Work instructions
Copy out the lines beginning with the one that contains "Calypso is a" and ending with the last line below, exactly as they stand. Pictures are not copied.

Dataset content

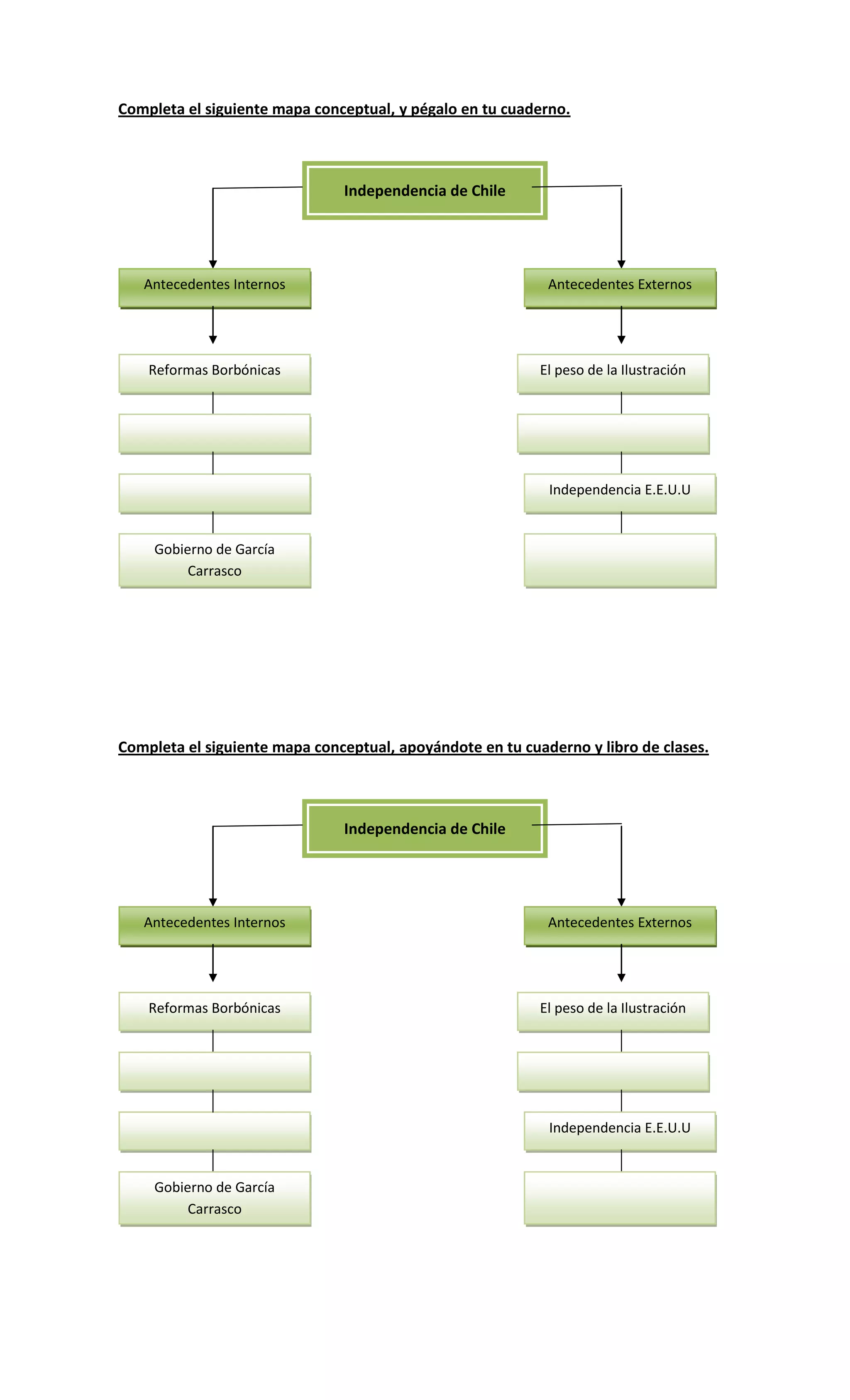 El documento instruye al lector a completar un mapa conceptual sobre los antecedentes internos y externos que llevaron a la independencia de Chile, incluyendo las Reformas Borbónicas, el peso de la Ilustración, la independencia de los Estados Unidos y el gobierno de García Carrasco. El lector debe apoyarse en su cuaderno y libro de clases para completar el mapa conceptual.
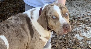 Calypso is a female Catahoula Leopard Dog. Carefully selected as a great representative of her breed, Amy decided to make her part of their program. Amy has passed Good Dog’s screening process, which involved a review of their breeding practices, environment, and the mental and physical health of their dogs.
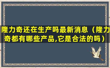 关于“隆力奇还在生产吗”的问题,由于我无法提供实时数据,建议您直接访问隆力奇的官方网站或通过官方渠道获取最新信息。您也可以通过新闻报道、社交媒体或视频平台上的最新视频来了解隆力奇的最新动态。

Output of the exercise
 Calypso is a female Catahoula Leopard Dog. Carefully selected as a great representative of her breed, Amy decided to make her part of their program. Amy has passed Good Dog’s screening process, which involved a review of their breeding practices, environment, and the mental and physical health of their dogs.
 关于“隆力奇还在生产吗”的问题,由于我无法提供实时数据,建议您直接访问隆力奇的官方网站或通过官方渠道获取最新信息。您也可以通过新闻报道、社交媒体或视频平台上的最新视频来了解隆力奇的最新动态。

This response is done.